Challenging the Conventional Wisdom of Social with 4C
With insight and interactivity, 4C’s Aaron Goldman made a case for replacing traditional data insights with unconventional connections.
We are excited to announce the first round of leaders who will bring our 2020 theme HUMAN.X to life at the Broad stage this June (17-18).
One dimensional image of people don’t tell us much. Zooming out, or exploring different dimensions, presents a different image. And Aaron Goldman thinks that the new image is far more complex than you believe.
At “You Think You Know, But Are You Sure?” the CMO of 4C challenged the room’s conventional wisdom about consumers- at times literally. The centerpiece of the presentation was a live quiz, designed to test how our assumptions with brand associations can often be wrong. Among the findings: Cadbury Dairy Milk and Kellogg’s should probably be collaborating, Adele is highly popular among cost-conscious shoppers, and the Spice Girls are surprisingly popular among those with feelings on the UKIP party.
What lessons does the quiz have for marketers?
Engage This Data in Positive Ways
Goldman shared the story of a brand of nicotine gum who used a positive association with Father Christmas on Facebook, to drive sales at the holidays and into the New Year.
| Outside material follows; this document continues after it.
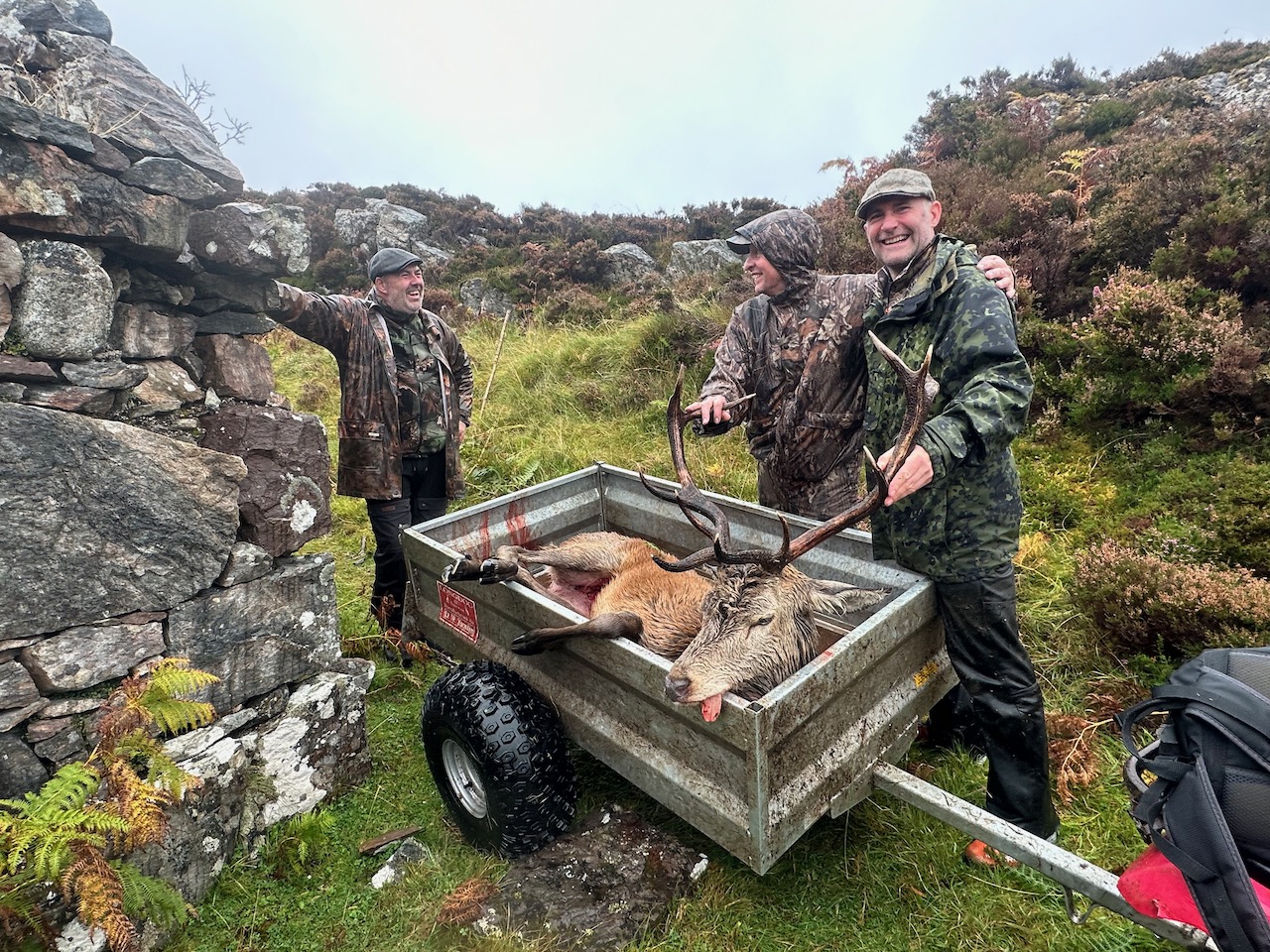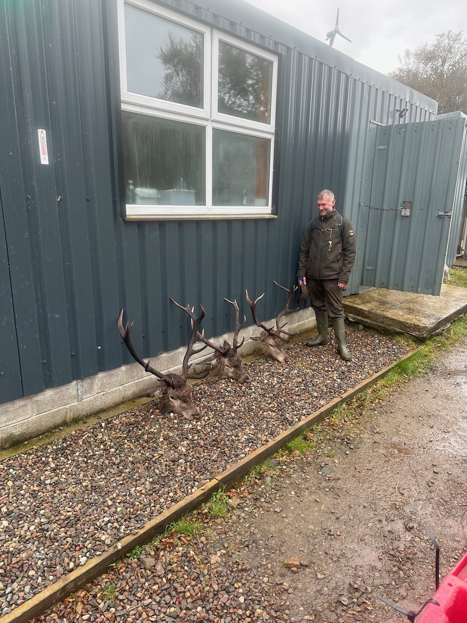 Back to the larder, skinning two stags, more beers and whiskies, even more retold tales of the stalks and happy hunters.

Again, this isn’t an intuitive connection, but once they found it? They ran with it and got positive results.
Other brands saw similar benefits- not just increases in revenue, but decreases in cost per customer and heightened brand awareness. But it starts with being willing to move beyond the standard brand associations and digging into more less intuitive ones. “When actively mined, holding for things like active engagement and positive sentiment, you can build a full picture of your audience,” Goldman advised. “And if getting things wrong with your data can be disastrous, getting things right can be amazing.”
About Getting It Wrong…
This strategy of reaching and engaging customers requires a lot of information from and about them. Above all, Goldman urges people to get and use it responsibly. Recalling the year’s earlier Cambridge Analytica scandal, and with a mind to recent regulations like GDPR, he reminded his attendees that people are paying more attention to who has their data and how they got it than ever before.
But this new sense of vigilance doesn’t have to spell danger for our efforts. It simply means that we have to use responsibility and thoughtfulness with the data we do capture—values that marketing as a field already appreciates.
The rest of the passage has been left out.